Take the line containing "翻頁聲音文件:點(diǎn)" and all lines after it, through the end of the material, and repeat them exactly, pictures left out.

== AVAILABLE DATA ==
--------

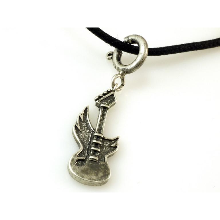 Jen Majura silver guitar pendant - size 40mm by 10mm, comes with 80 cm cotton chain - with signature at the backside of the pendant - antik look, material 925 sterling silver
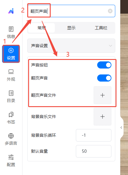 翻頁聲音文件:點(diǎn)擊加號上傳MP3格式聲音文件作為翻頁聲音,文件限制30K以內(nèi)。
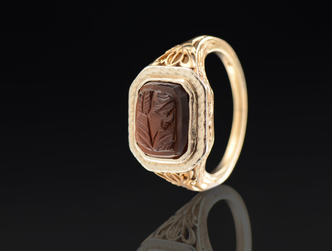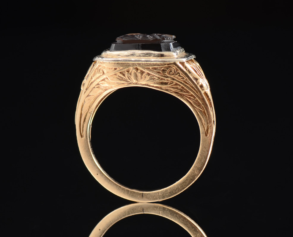 19th C VICTORIAN INTAGLIO RING: Profusely chased 14K yellow gold ring centering a carved sardonyx tablet. Size 4.5. Weight 3.7 grams.

--------

== EXERCISE ANSWER ==
 翻頁聲音文件:點(diǎn)擊加號上傳MP3格式聲音文件作為翻頁聲音,文件限制30K以內(nèi)。
 19th C VICTORIAN INTAGLIO RING: Profusely chased 14K yellow gold ring centering a carved sardonyx tablet. Size 4.5. Weight 3.7 grams.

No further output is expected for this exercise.